(DATA EXTRACT)

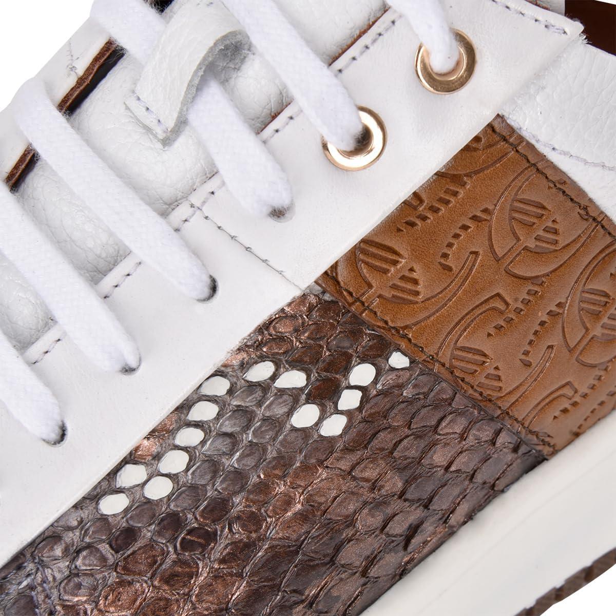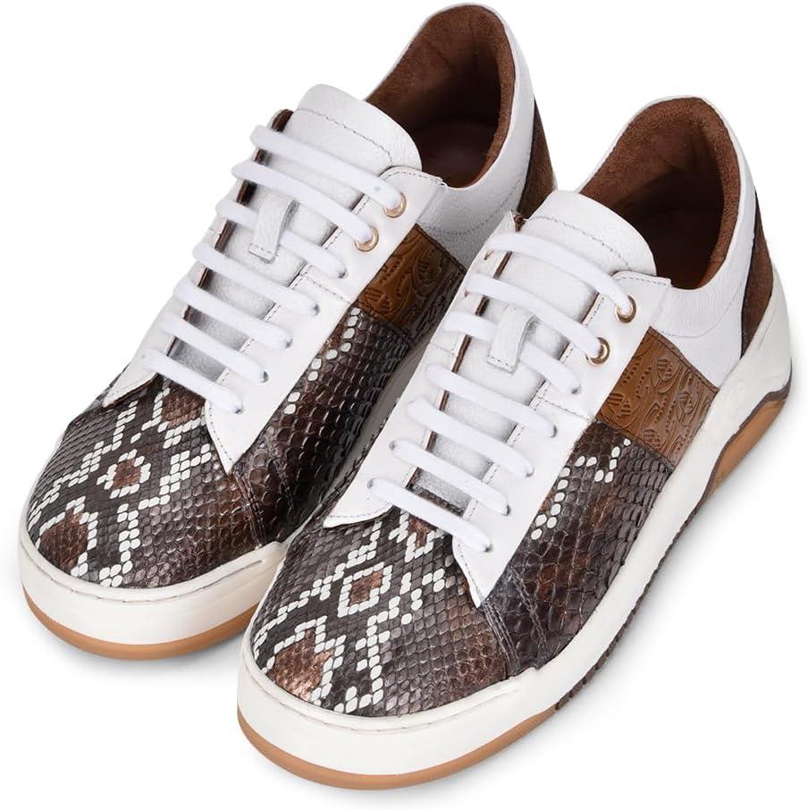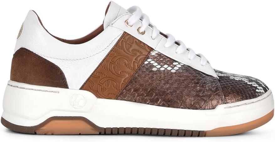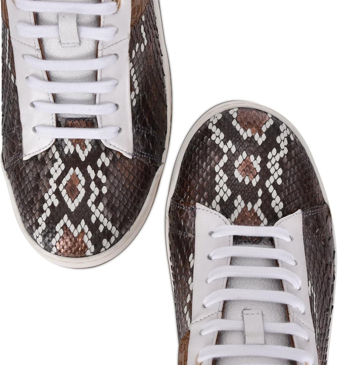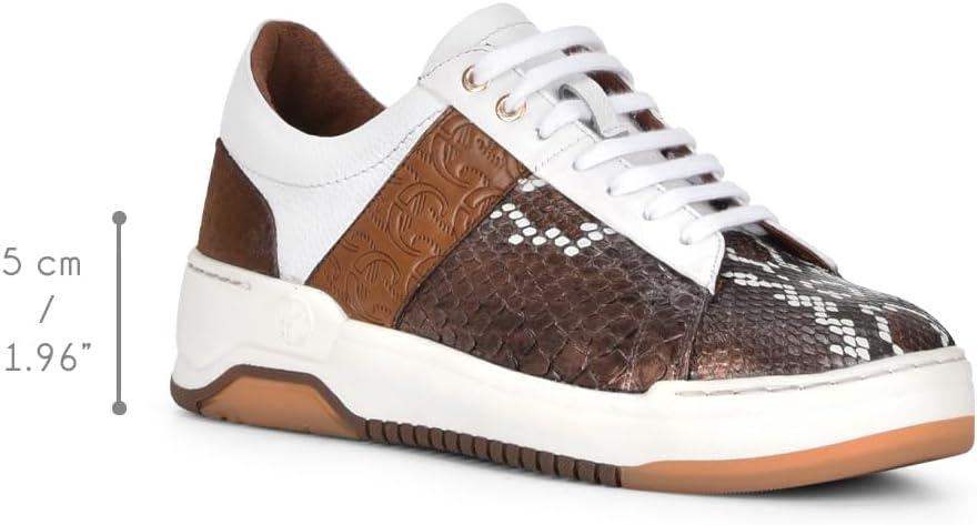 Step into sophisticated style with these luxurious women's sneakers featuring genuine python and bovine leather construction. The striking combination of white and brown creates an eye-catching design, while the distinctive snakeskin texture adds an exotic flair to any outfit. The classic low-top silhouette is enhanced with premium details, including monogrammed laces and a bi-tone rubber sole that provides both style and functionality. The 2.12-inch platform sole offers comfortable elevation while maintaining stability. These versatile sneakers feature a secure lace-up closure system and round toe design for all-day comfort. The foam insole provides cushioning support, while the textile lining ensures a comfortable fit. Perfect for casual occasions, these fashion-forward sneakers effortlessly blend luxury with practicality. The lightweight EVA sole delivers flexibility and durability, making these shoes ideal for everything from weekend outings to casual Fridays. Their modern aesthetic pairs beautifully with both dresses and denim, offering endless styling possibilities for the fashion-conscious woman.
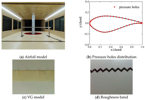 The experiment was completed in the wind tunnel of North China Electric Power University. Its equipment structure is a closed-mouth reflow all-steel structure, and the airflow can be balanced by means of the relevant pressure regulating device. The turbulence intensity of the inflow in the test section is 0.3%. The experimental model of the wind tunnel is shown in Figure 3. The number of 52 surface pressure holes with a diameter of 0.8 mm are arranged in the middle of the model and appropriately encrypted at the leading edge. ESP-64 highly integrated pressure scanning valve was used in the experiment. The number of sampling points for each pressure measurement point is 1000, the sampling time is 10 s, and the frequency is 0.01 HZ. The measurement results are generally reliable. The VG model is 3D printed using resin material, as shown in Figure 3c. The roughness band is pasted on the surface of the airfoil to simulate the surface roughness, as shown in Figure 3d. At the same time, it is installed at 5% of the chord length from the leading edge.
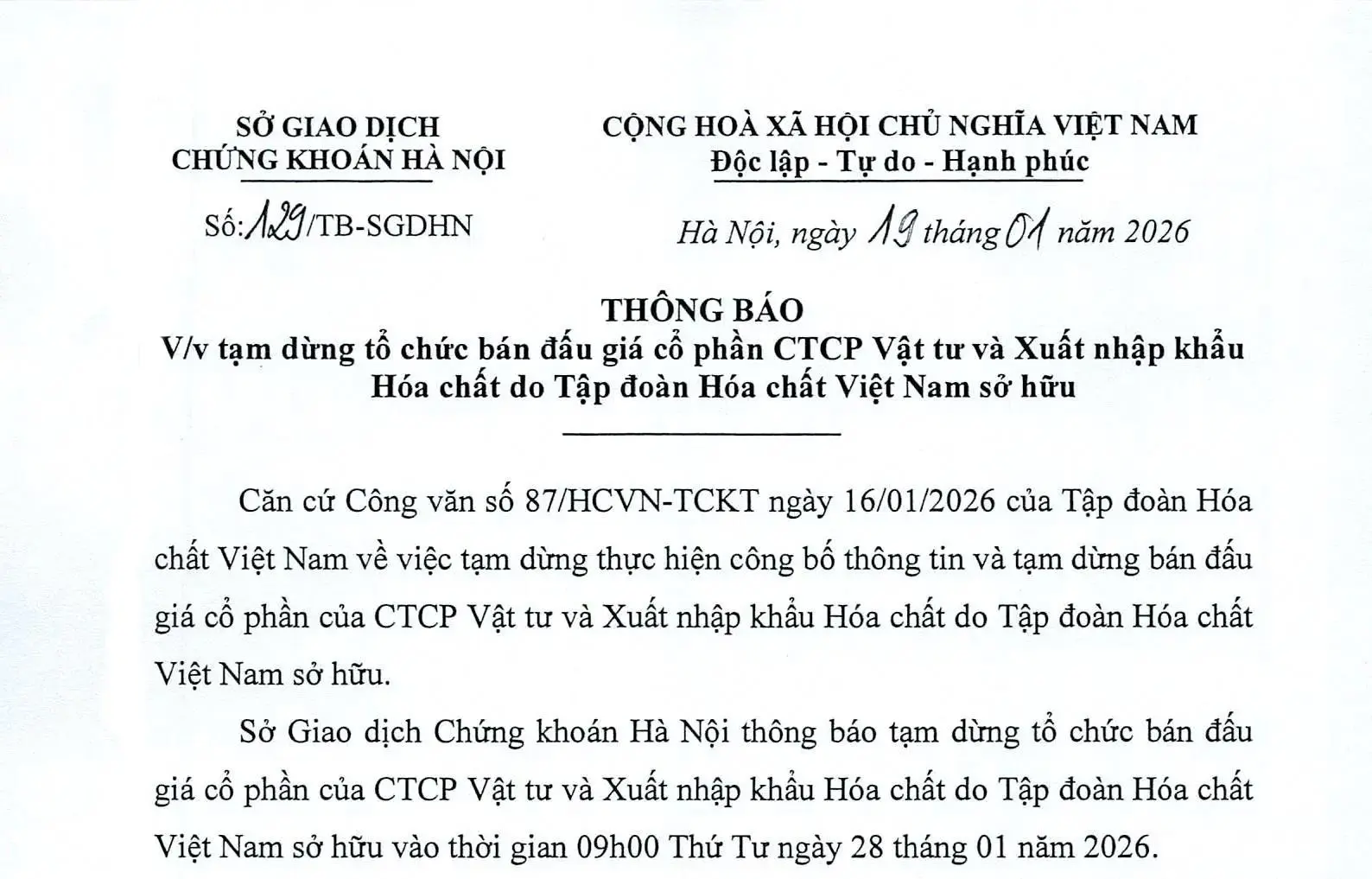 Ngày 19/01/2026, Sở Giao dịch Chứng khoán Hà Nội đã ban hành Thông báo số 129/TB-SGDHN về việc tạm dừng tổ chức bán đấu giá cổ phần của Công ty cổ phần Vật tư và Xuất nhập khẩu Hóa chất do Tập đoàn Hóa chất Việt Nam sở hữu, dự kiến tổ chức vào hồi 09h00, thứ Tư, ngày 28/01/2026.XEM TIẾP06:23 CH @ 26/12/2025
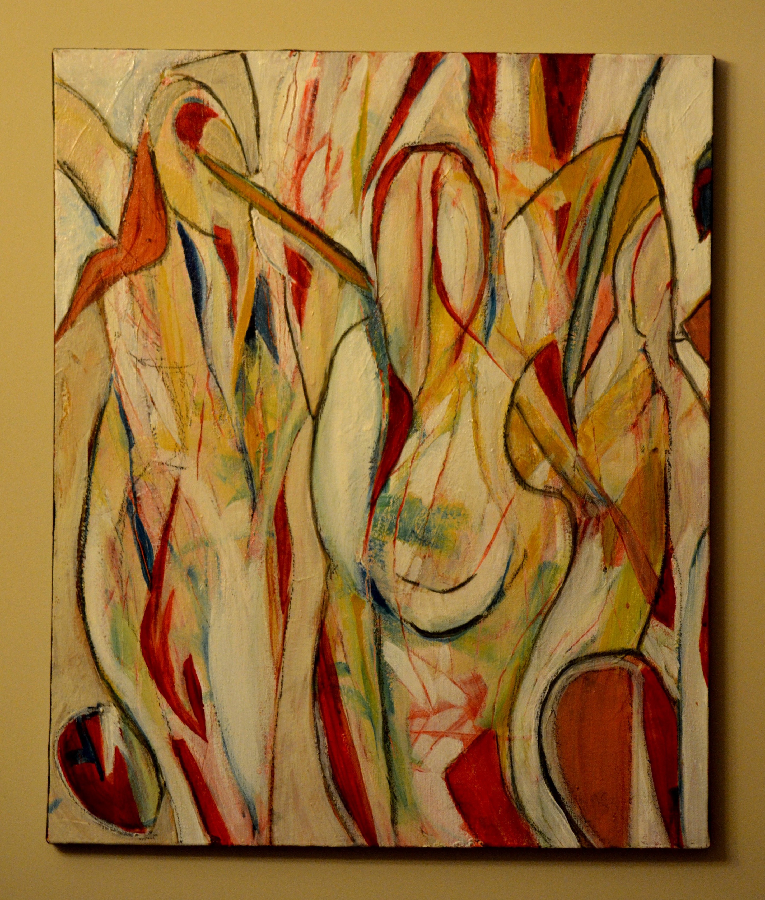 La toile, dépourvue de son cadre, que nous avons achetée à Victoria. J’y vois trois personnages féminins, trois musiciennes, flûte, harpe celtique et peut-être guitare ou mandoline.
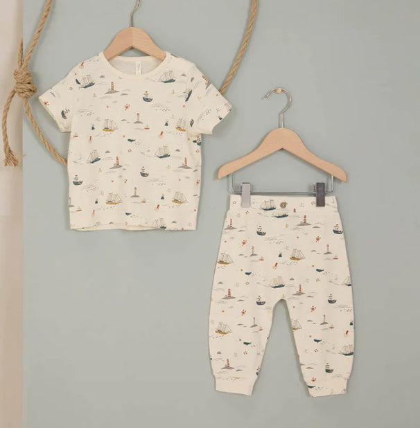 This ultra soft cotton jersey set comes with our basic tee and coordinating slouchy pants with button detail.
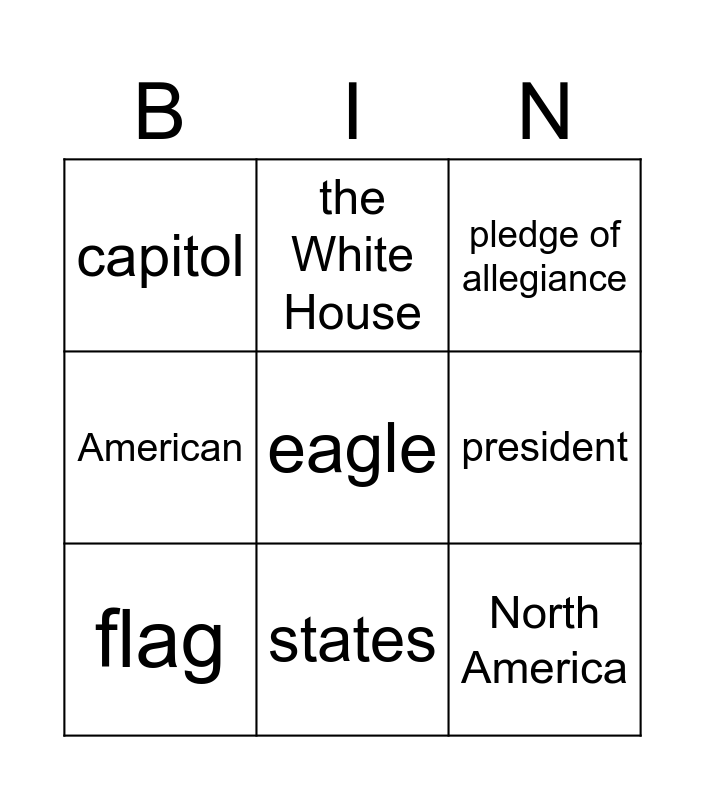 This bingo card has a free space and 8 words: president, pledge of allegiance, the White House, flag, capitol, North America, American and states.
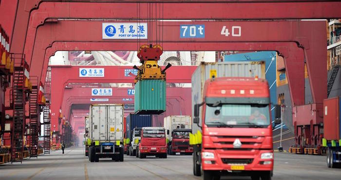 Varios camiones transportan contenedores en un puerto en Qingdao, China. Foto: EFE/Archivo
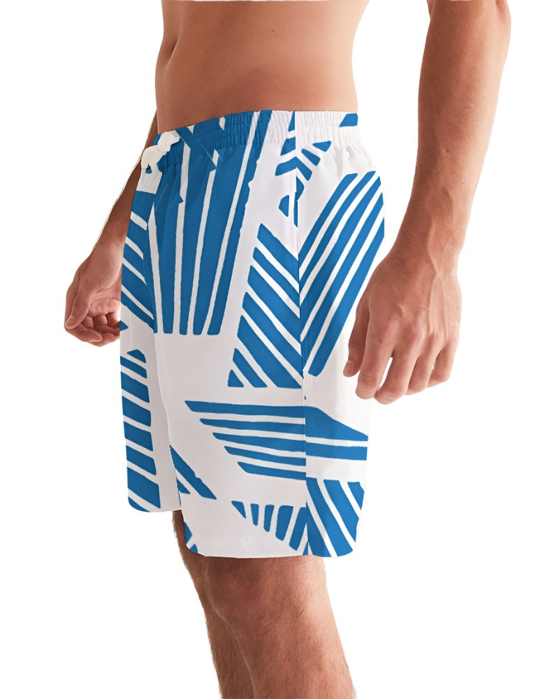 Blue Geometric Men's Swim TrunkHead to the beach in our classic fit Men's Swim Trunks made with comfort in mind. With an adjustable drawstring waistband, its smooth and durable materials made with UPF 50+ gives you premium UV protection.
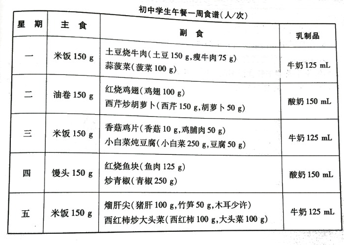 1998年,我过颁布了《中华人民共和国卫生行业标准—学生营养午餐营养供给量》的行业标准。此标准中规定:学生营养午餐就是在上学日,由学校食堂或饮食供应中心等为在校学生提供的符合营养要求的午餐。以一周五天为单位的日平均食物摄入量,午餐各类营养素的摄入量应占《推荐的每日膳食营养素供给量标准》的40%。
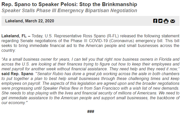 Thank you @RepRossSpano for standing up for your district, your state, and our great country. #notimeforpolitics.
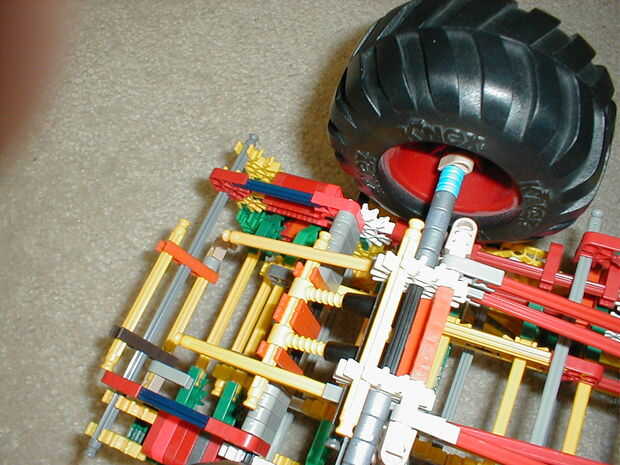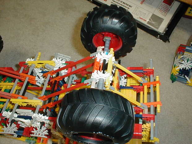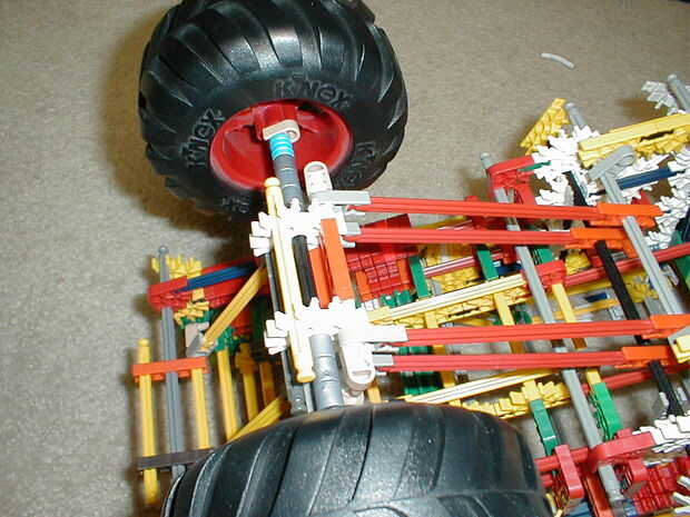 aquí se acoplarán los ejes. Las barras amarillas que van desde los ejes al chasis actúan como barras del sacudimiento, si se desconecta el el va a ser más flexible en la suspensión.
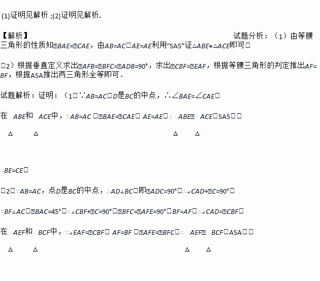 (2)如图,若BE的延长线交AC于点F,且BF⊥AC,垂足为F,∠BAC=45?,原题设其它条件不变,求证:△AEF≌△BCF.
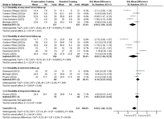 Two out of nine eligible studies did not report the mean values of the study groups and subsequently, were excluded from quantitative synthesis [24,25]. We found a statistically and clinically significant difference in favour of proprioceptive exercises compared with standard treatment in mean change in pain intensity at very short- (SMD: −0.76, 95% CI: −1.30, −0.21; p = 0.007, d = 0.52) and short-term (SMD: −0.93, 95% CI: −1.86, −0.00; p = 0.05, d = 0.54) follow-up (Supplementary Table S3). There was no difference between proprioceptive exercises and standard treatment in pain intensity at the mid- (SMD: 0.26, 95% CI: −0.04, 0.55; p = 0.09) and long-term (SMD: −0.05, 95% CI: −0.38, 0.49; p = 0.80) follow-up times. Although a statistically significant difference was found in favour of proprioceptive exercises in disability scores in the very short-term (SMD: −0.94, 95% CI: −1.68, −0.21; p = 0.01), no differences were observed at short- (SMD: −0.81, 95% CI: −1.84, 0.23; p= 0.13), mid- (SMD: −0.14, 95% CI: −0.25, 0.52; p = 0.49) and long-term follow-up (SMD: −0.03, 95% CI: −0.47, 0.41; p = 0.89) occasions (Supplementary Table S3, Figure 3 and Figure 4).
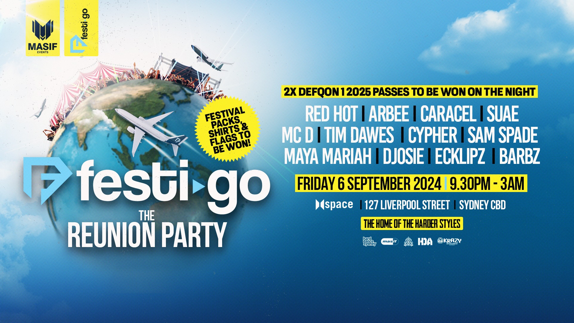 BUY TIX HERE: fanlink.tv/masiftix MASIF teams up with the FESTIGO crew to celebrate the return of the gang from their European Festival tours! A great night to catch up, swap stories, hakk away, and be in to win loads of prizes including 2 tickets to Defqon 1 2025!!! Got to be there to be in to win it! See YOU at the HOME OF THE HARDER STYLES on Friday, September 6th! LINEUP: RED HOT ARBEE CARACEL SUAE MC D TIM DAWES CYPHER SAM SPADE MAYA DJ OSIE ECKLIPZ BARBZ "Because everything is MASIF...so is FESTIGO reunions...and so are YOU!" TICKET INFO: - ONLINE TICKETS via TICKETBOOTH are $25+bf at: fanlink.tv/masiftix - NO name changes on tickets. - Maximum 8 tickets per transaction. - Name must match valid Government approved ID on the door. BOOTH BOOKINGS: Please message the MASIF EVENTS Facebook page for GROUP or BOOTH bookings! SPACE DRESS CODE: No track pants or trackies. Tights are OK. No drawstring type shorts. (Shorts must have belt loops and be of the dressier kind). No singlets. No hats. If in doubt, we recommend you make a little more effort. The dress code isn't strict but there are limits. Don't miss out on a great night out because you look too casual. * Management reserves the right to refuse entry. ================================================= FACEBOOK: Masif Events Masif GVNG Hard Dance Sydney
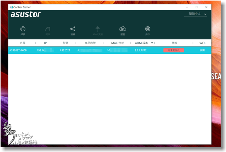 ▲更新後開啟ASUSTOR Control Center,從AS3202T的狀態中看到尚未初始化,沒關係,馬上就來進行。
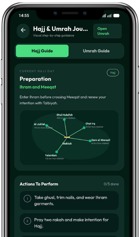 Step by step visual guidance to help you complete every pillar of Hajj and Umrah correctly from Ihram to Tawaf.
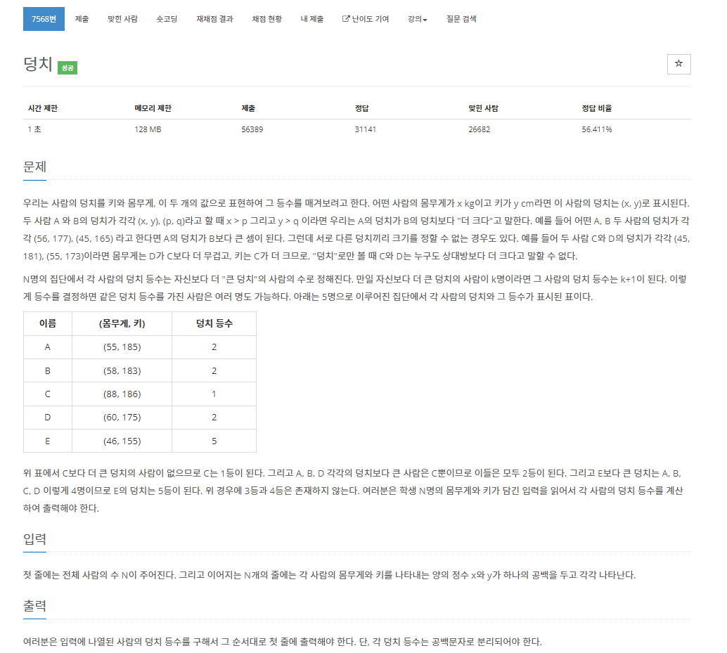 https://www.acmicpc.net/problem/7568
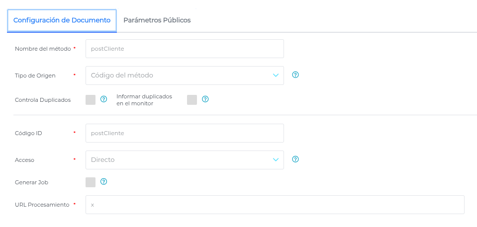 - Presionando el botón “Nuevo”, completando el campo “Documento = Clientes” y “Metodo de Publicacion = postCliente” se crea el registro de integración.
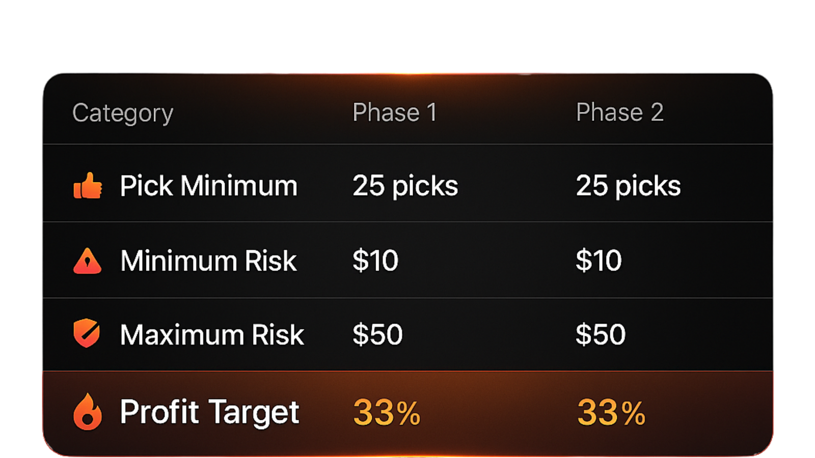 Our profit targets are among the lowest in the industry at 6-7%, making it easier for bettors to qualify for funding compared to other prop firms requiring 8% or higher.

(End DATA EXTRACT)

THE TASK: Please repeat exactly the lines from the one containing "Step by step" through the last line of the records, both included, and leave out the pictures.

EXERCISE OUTPUT:
 Step by step visual guidance to help you complete every pillar of Hajj and Umrah correctly from Ihram to Tawaf.
 https://www.acmicpc.net/problem/7568
 - Presionando el botón “Nuevo”, completando el campo “Documento = Clientes” y “Metodo de Publicacion = postCliente” se crea el registro de integración.
 Our profit targets are among the lowest in the industry at 6-7%, making it easier for bettors to qualify for funding compared to other prop firms requiring 8% or higher.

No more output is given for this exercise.